After locating the line containing "Vegan Leather, Black" in the entries below, please write out that line and the rest through the end exactly. Omit pictures.

Segment Start: Provided data

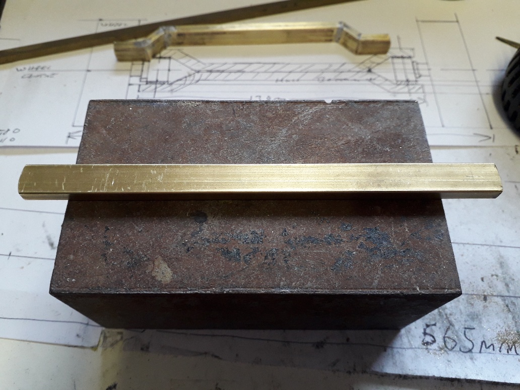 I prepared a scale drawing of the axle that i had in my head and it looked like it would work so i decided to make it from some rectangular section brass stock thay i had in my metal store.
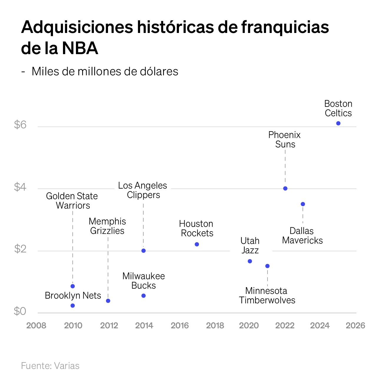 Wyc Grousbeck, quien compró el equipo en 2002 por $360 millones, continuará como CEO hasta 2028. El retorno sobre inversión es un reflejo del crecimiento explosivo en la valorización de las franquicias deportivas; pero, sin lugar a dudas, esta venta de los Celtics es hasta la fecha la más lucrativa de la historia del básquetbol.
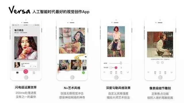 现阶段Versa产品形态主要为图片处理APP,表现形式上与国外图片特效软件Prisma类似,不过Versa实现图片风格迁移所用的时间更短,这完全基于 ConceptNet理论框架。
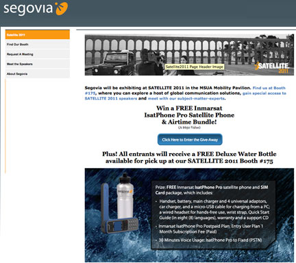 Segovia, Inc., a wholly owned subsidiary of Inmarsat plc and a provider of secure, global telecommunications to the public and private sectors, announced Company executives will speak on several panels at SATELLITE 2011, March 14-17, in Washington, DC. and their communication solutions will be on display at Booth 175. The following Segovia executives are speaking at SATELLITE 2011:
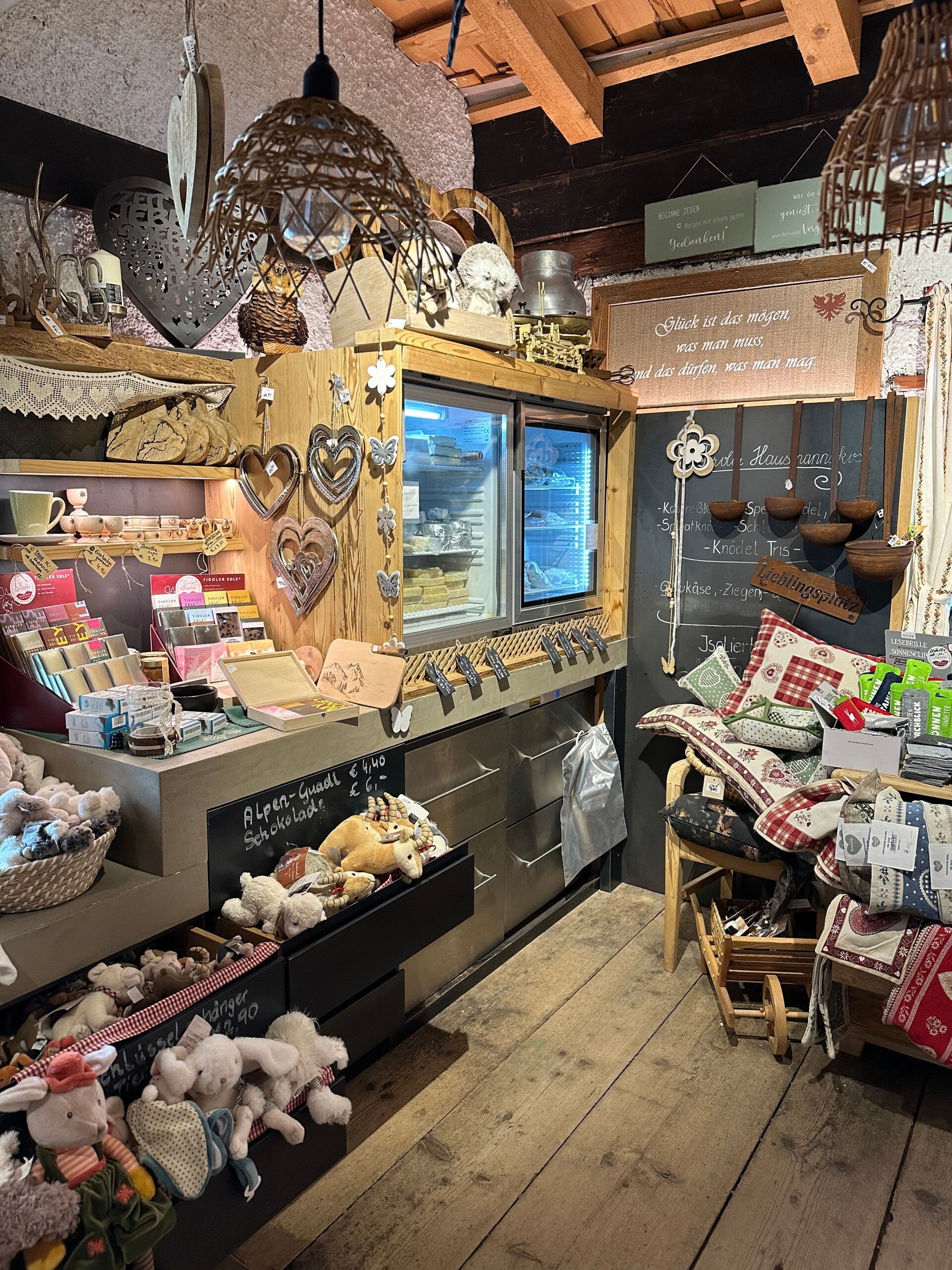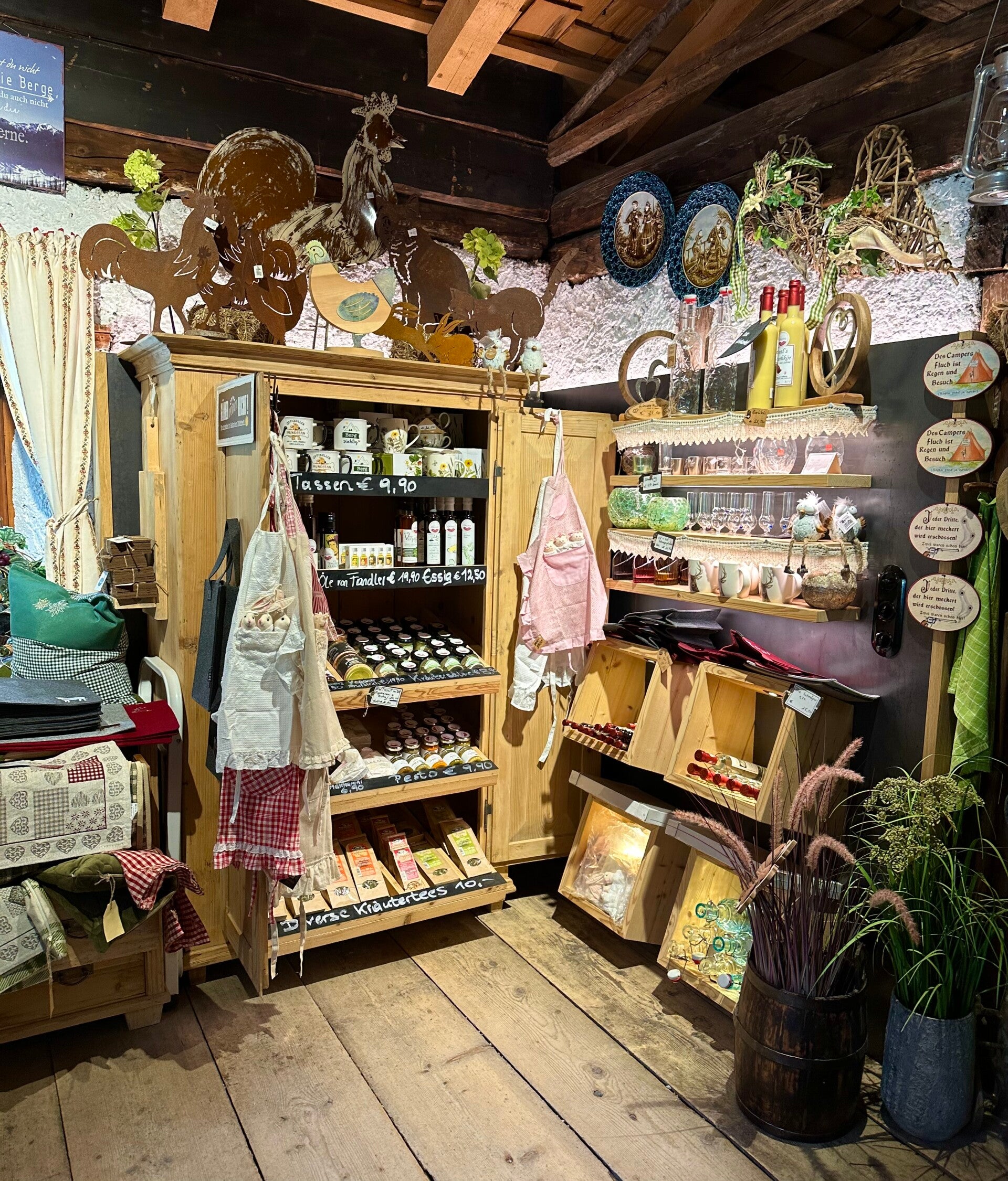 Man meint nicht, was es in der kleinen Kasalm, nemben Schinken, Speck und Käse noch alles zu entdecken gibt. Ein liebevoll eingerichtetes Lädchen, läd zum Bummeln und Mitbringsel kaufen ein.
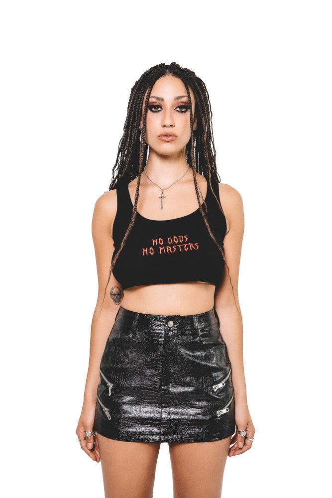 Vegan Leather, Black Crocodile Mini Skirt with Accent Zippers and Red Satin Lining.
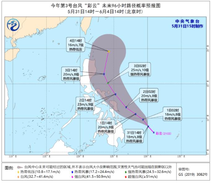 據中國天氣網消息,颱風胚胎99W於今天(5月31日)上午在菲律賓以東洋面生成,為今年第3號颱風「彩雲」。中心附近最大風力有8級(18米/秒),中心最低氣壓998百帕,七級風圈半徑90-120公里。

Segment End: Provided data

**Task response**
 Vegan Leather, Black Crocodile Mini Skirt with Accent Zippers and Red Satin Lining.
 據中國天氣網消息,颱風胚胎99W於今天(5月31日)上午在菲律賓以東洋面生成,為今年第3號颱風「彩雲」。中心附近最大風力有8級(18米/秒),中心最低氣壓998百帕,七級風圈半徑90-120公里。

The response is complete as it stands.